How do we evaluate a set of hyperparameters?

The hyperparameters are evaluated based on the losses of the model predictions, viz. the hyperparameters are set on the model, the model is trained on the data, and the performance of the model is evaluated based on the loss function. These steps are followed iteratively to find the optimal set of hyperparameters. As said earlier we might or might not end up with a globally optimal solution.

Keras Tuner

Keras tuner is an open-source python library developed exclusively for tuning the hyperparameters of Artificial Neural Networks. Keras tuner currently supports four types of tuners or algorithms namely,

  • Bayesian Optimization
  • Hyperband
  • Sklearn
  • Random Search

You can install the Keras tuner on your system using the following command,

pip install keras-tuner

Getting started with Keras Tuner

The model you want to tune is called the Hyper model. To work with Keras Tuner you must define your hyper model using either of the following two ways,

  • Using model builder function
  • By subclassing HyperModel class available in Keras tuner

Fine-tuning models using Keras-tuner

Import the required libraries.
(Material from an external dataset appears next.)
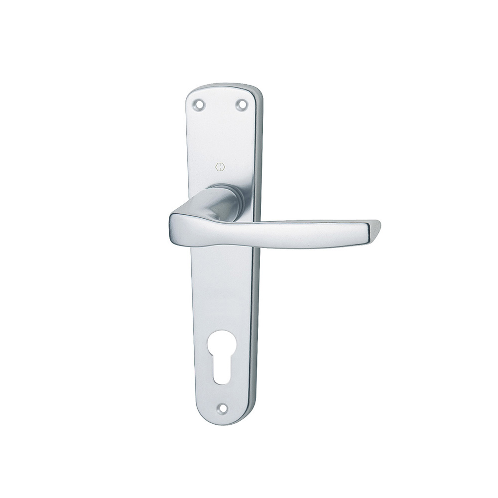 Realizzata in ottone e rifinita con una finitura argento, questa maniglia è resistente e durevole, mantenendo un aspetto impeccabile nel tempo grazie alla sua superficie che resiste ai graffi e ai segni di usura. La placca con foro Yale è progettata per ospitare serrature a cilindro europeo, garantendo la massima sicurezza per le tue porte, mentre il design ergonomico della maniglia permette una presa comoda e sicura.

Here we have used the California dataset which is readily available in the Google Colab.

import math
import pandas as pd
import tensorflow as tf
import matplotlib.pyplot as plt
from tensorflow.keras import Model
from tensorflow.keras import Sequential
from tensorflow.keras.optimizers import Adam
from sklearn.preprocessing import StandardScaler
from tensorflow.keras.layers import Dense, Dropout
from sklearn.model_selection import train_test_split
from tensorflow.keras.losses import MeanSquaredLogarithmicError

TRAIN_DATA_PATH = '/content/sample_data/california_housing_train.csv'
TEST_DATA_PATH = '/content/sample_data/california_housing_test.csv'
TARGET_NAME = 'median_house_value'

# read the training and test data
train_data = pd.read_csv(TRAIN_DATA_PATH)
test_data = pd.read_csv(TEST_DATA_PATH)

# split the data into features and target
x_train, y_train = train_data.drop(TARGET_NAME, axis=1), train_data[TARGET_NAME]
x_test, y_test = test_data.drop(TARGET_NAME, axis=1), test_data[TARGET_NAME]

Scale the datasets using Sklearn’s StandardScaler, doing this step helps the model ending up with optimal parameters.

def scale_datasets(x_train, x_test):
  """
  Standard Scale test and train data
  Z - Score normalization
  """
  standard_scaler = StandardScaler()
  x_train_scaled = pd.DataFrame(
      standard_scaler.fit_transform(x_train),
      columns=x_train.columns
  )
  x_test_scaled = pd.DataFrame(
      standard_scaler.transform(x_test),
      columns = x_test.columns
  )
  return x_train_scaled, x_test_scaled

# scale the dataset
x_train_scaled, x_test_scaled = scale_datasets(x_train, x_test)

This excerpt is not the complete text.